Directions for the data below: repeat exactly the lines from the one with "Fehér alapon világoskék, bézs" through the one with "Full Tướng.Full Ngọc.Dư 163K Vàng.D...", both included, and omit all pictures.
** Opening Dataset extract block **
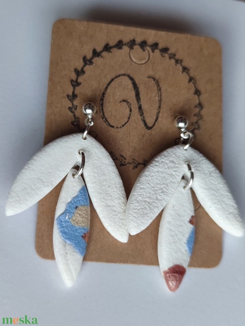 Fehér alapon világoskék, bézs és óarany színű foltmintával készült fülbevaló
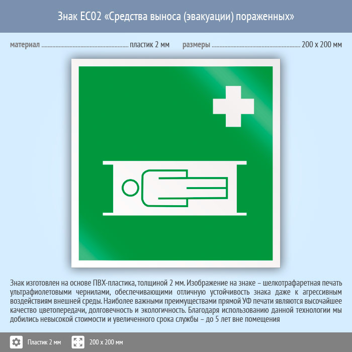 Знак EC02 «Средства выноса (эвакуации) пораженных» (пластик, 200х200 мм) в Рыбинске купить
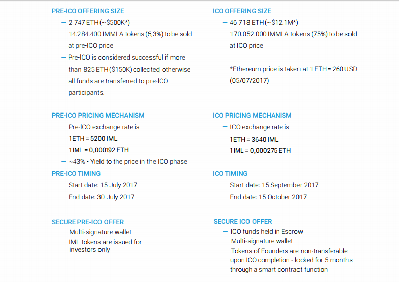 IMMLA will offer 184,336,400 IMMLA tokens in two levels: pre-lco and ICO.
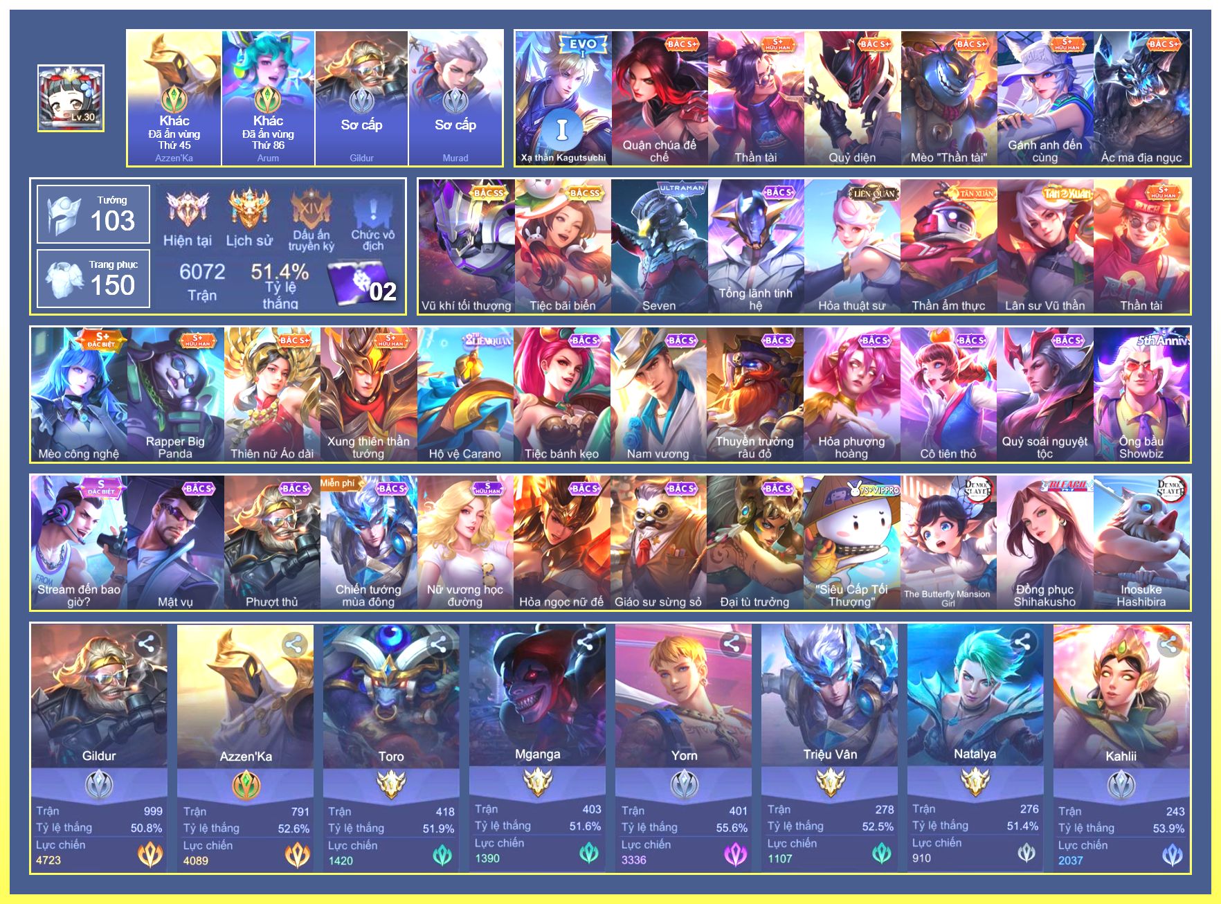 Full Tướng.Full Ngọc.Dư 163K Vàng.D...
** Closing Dataset extract block **
** Opening Dataset extract block **
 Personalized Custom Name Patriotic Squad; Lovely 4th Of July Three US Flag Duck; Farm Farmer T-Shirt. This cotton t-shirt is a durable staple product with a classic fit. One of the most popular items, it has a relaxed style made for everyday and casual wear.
** Closing Dataset extract block **
** Opening Dataset extract block **
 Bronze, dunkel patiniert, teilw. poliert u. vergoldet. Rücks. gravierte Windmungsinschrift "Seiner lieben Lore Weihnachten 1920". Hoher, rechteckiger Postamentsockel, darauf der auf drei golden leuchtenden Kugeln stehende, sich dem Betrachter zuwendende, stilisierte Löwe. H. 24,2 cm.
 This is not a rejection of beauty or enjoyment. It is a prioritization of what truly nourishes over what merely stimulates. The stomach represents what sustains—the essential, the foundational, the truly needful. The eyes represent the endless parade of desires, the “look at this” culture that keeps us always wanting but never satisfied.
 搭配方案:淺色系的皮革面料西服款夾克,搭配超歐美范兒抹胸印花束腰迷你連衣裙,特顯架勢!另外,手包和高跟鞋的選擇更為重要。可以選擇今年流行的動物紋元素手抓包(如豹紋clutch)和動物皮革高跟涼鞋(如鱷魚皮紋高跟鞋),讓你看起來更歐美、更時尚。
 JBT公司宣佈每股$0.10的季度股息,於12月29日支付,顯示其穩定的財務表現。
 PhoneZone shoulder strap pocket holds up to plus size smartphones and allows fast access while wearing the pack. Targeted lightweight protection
** Closing Dataset extract block **
= Written solution =
 Fehér alapon világoskék, bézs és óarany színű foltmintával készült fülbevaló
 Знак EC02 «Средства выноса (эвакуации) пораженных» (пластик, 200х200 мм) в Рыбинске купить
 IMMLA will offer 184,336,400 IMMLA tokens in two levels: pre-lco and ICO.
 Full Tướng.Full Ngọc.Dư 163K Vàng.D...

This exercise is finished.